#### About this exercise
Word for word, retype the lines from the one containing "粗肋草学名:Aglanonema spp. 别名:广东万年青、万年青" to the one containing "through a window" below, keeping both end lines and dropping the pictures.

---*---

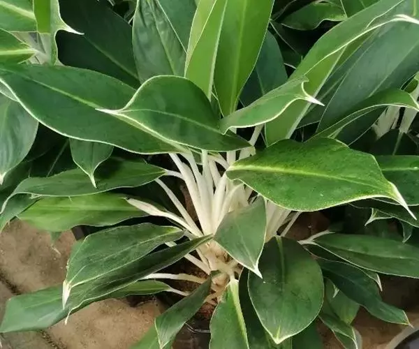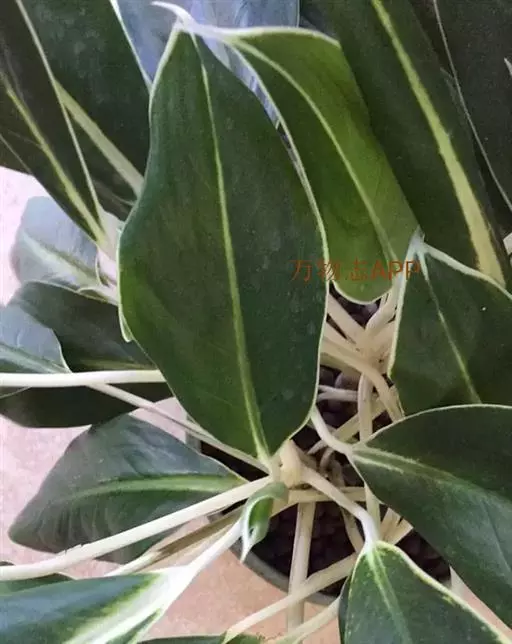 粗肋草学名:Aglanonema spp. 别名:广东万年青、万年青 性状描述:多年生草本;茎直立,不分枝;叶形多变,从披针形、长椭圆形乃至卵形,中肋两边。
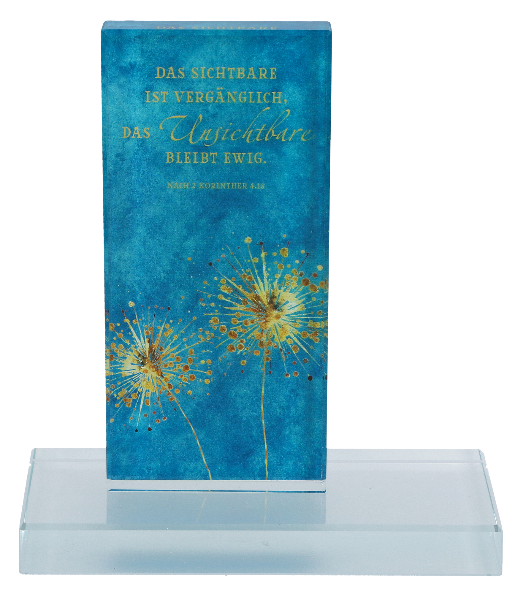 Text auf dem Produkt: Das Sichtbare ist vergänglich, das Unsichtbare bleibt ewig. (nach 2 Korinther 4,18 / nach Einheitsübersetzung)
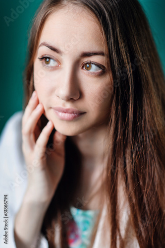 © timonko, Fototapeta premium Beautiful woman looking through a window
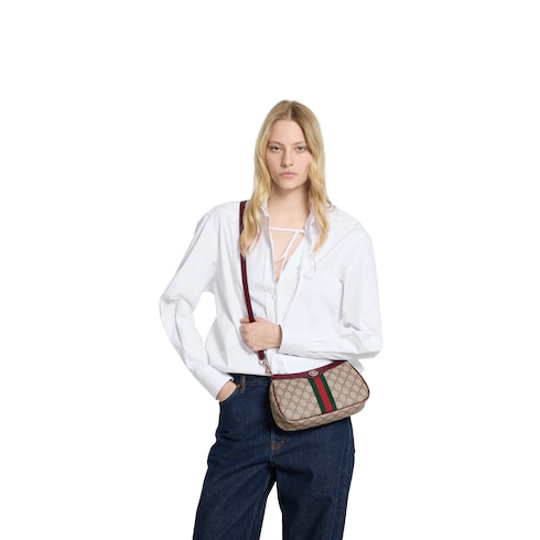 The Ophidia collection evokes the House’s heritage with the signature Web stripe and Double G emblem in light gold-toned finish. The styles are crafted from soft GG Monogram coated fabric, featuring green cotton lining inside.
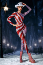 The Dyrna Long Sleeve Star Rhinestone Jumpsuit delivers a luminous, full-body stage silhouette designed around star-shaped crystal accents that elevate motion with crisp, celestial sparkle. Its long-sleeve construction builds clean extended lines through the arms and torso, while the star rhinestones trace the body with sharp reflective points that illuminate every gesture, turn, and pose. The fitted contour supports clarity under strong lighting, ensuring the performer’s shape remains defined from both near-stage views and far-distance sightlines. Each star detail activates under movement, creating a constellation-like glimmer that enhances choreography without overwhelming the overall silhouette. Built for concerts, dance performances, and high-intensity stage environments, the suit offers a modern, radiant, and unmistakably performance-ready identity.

---*---

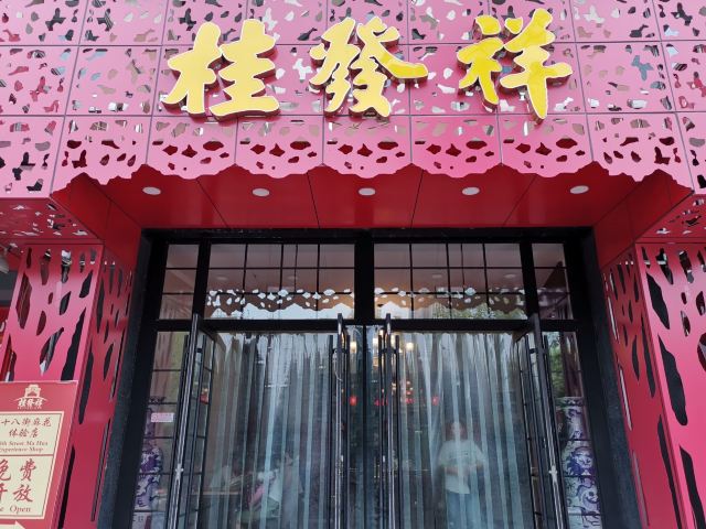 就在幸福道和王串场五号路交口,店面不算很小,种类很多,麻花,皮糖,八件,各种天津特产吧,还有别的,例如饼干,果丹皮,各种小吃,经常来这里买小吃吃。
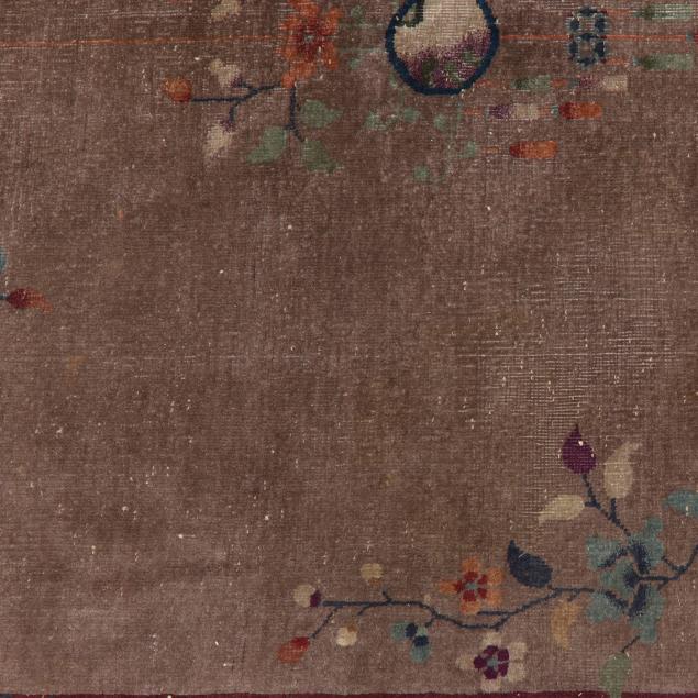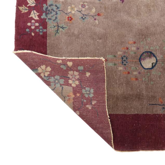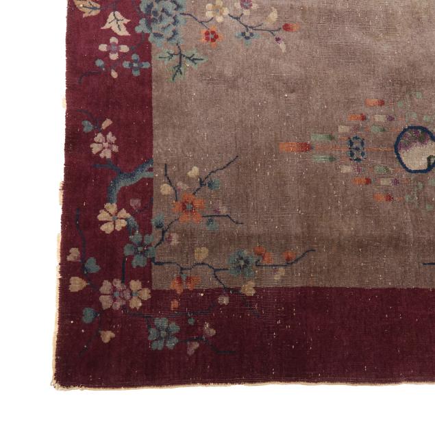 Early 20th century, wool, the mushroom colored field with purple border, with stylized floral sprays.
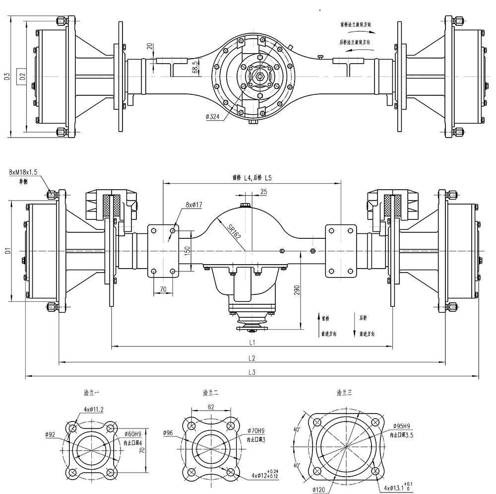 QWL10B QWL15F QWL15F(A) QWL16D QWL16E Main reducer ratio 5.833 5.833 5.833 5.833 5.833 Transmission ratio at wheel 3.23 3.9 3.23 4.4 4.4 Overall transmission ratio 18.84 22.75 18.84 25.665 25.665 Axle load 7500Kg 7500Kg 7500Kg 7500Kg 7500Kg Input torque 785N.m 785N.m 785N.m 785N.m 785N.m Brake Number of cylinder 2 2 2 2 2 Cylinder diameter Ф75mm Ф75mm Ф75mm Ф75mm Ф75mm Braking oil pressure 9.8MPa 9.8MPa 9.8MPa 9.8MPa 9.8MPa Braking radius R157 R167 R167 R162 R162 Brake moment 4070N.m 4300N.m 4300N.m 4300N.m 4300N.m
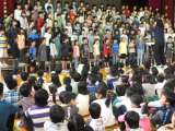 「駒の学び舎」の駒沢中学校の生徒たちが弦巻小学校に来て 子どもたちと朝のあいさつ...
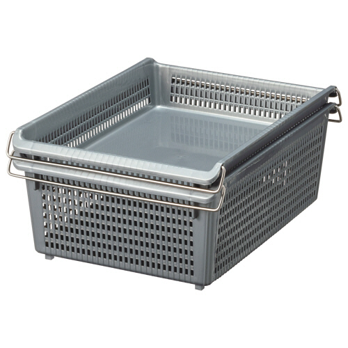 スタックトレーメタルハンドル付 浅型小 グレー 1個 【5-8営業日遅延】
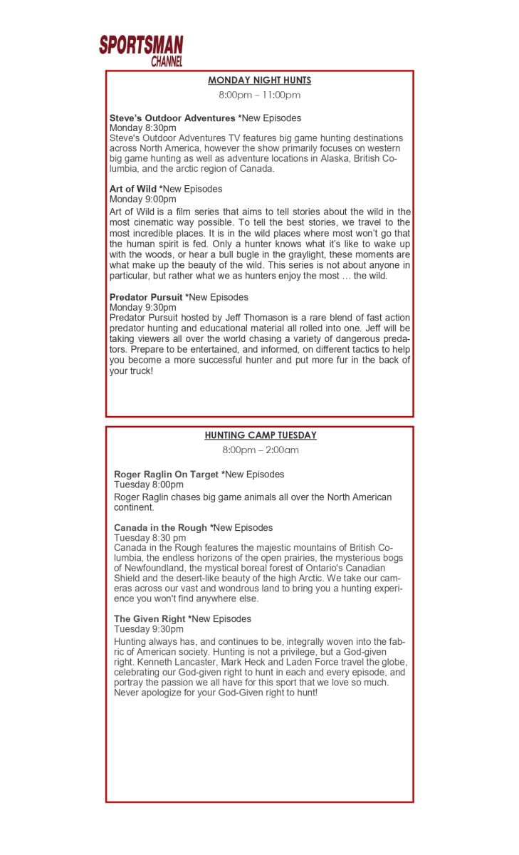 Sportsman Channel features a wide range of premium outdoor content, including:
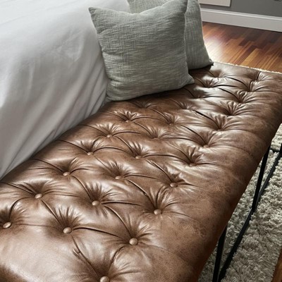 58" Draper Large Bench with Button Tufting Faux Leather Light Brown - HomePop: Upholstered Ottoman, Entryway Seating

---*---

#### Task result
 粗肋草学名:Aglanonema spp. 别名:广东万年青、万年青 性状描述:多年生草本;茎直立,不分枝;叶形多变,从披针形、长椭圆形乃至卵形,中肋两边。
 Text auf dem Produkt: Das Sichtbare ist vergänglich, das Unsichtbare bleibt ewig. (nach 2 Korinther 4,18 / nach Einheitsübersetzung)
 © timonko, Fototapeta premium Beautiful woman looking through a window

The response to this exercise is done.